Mirror symmetry by O3-planes
Bo Feng, Amihay Hanany
TL;DR
This work derives three-dimensional N=4 mirror pairs for orthogonal and symplectic gauge groups using O3-plane brane constructions, leveraging brane splitting and S-duality to map Coulomb and Higgs branches. It introduces precise splitting rules for D5- and NS-branes on O3-planes, which lead to nontrivial strong-coupling predictions for certain IR fixed points and reveal hidden FI-terms and symmetry enhancements. The authors present detailed mirrors for Sp(k), Sp'(k), SO(2k), and SO(2k+1), including elliptic and non-elliptic two-gauge-factor models, and demonstrate cases where different theories share the same infrared mirror. These results expand the catalog of 3d N=4 mirror pairs and provide testable predictions, notably via Seiberg-Witten curves, and illuminate subtle IR dualities beyond known U(N) cases.
Abstract
We construct the three dimensional mirror theory of SO(2k) and SO(2k+1) gauge groups by using O3-planes. An essential ingredient in constructing the mirror is the splitting of a physical brane (NS-brane or D5-brane) on O3-planes. In particular, matching the dimensions of moduli spaces of mirror pair (for example, the SO(2k+1) and its mirror) there is a D3-brane creation or annihilation accompanying the splitting. This novel dynamical process gives a nontrivial prediction for strongly coupled field theories, which will be very interesting to check by Seiberg-Witten curves. Furthermore, applying the same idea, we revisit the mirror theory of Sp(k) gauge group and find new mirrors which differ from previously known results. Our new result for Sp(k) gives another example to a previously observed fact, which shows that different theories can be mirror to the same theory.

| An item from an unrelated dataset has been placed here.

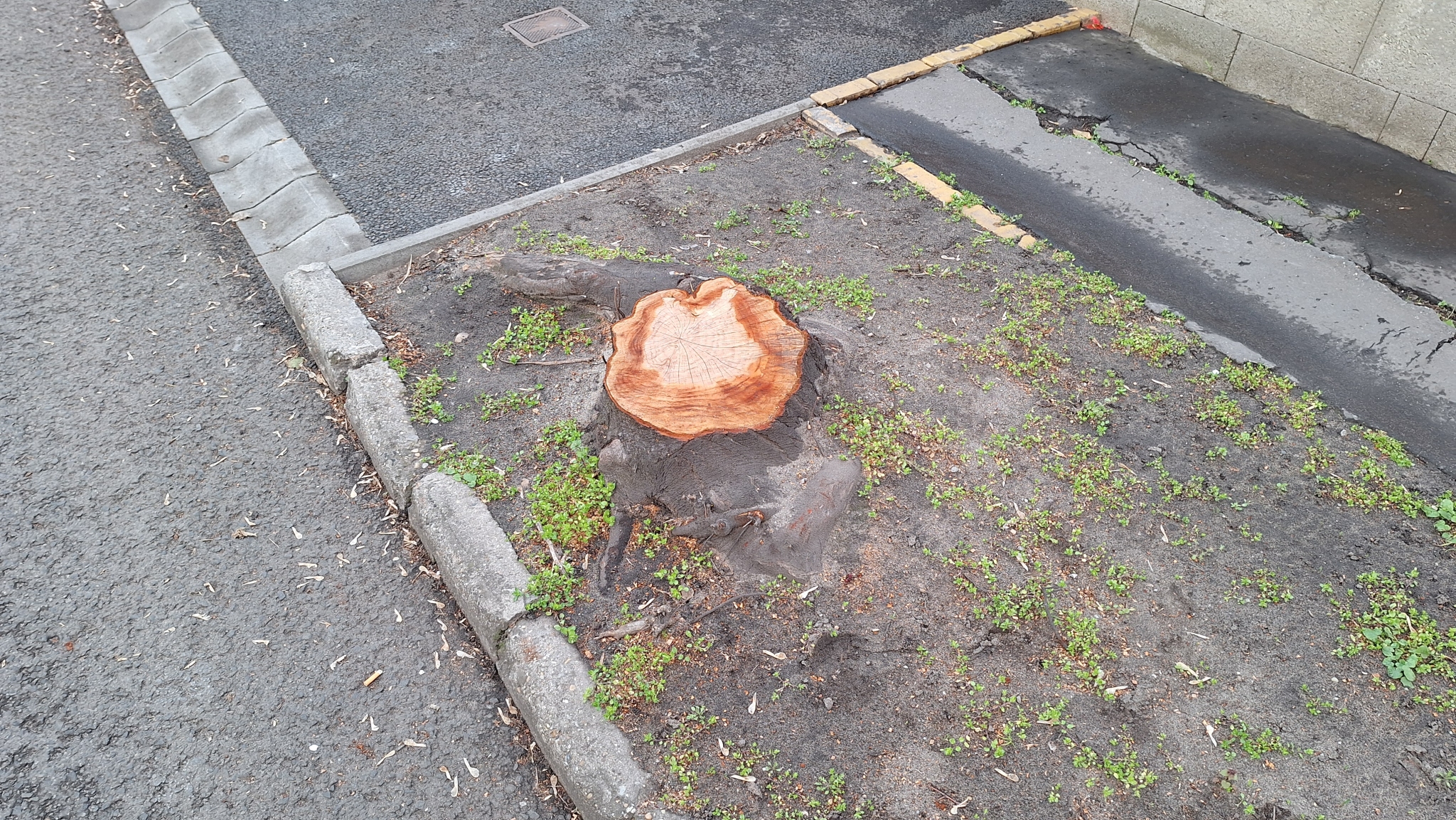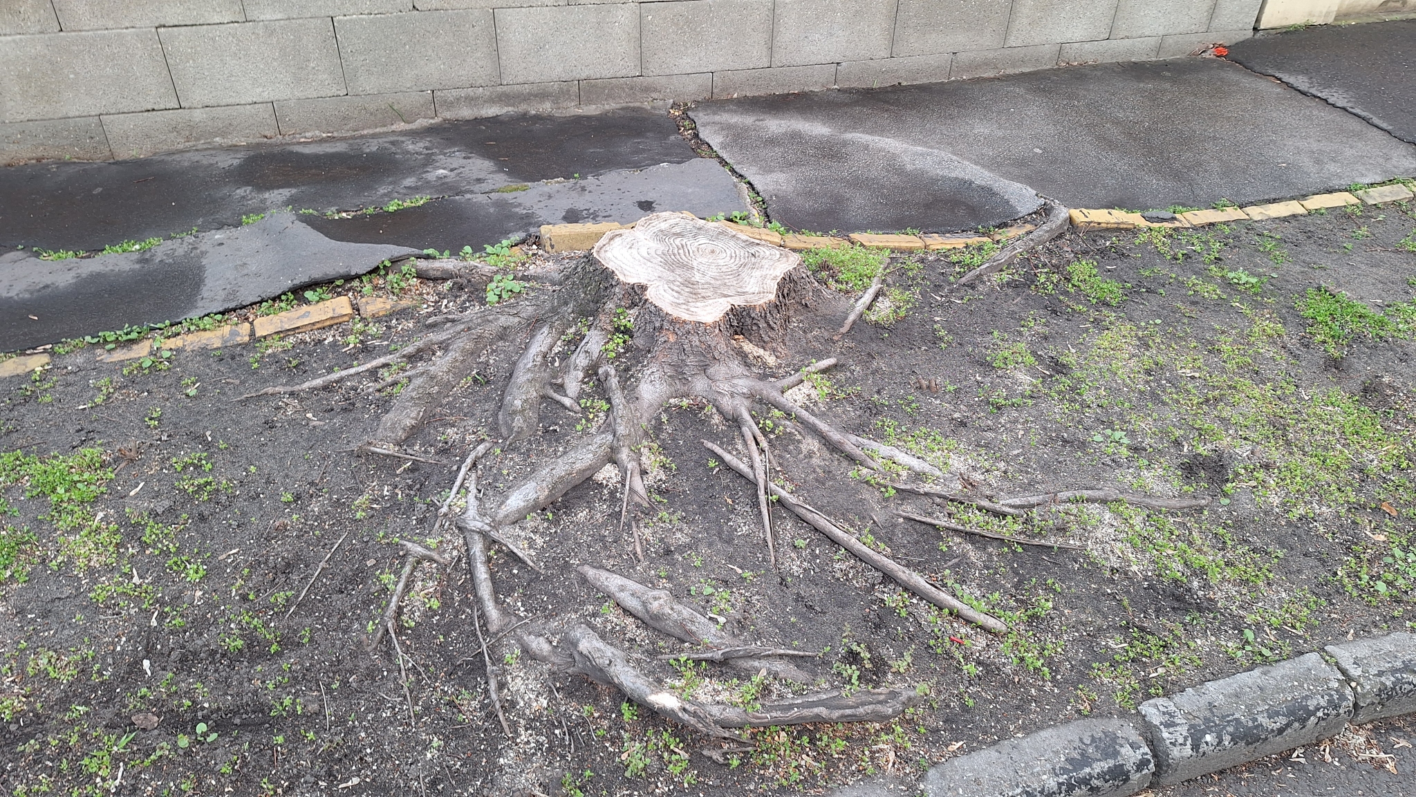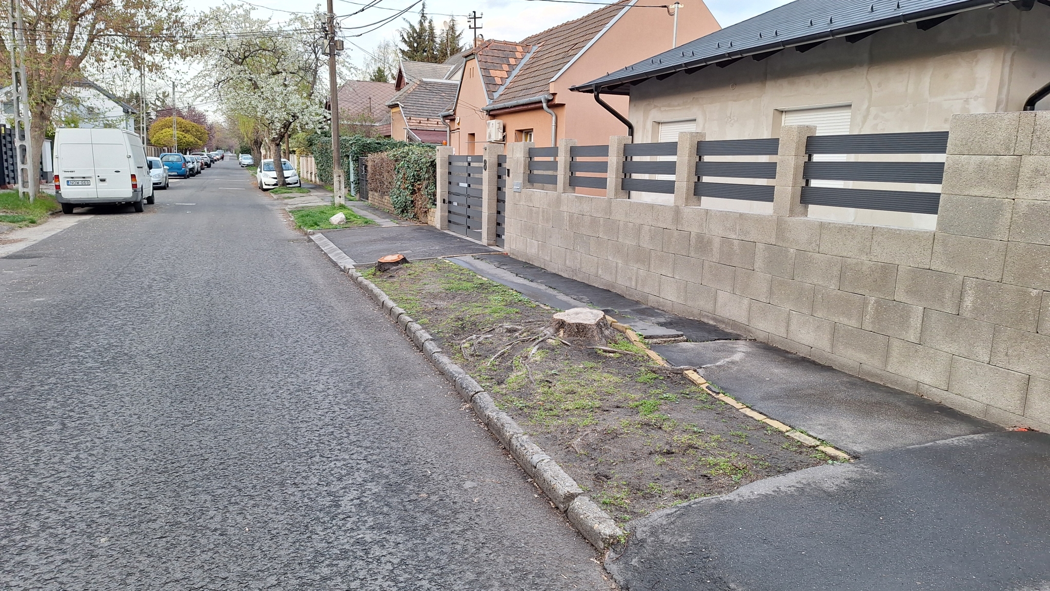 A Magyar utca 8. előtt van két fatuskó, az egyik mellett a gyökérzet a járdát is felnyomta.

We also discussed the phenomena such as "hidden FI-parameters" when the number of flavors and the rank of the gauge group satisfy certain relations, ``incomplete Higgsing'' for the mirror of SO(2k+1) and the ``hidden global symmetry''. After discussing the mirror for a single Sp or SO gauge group, we extend the study to a product of two gauge groups in two different models, namely the elliptic and the non-elliptic models.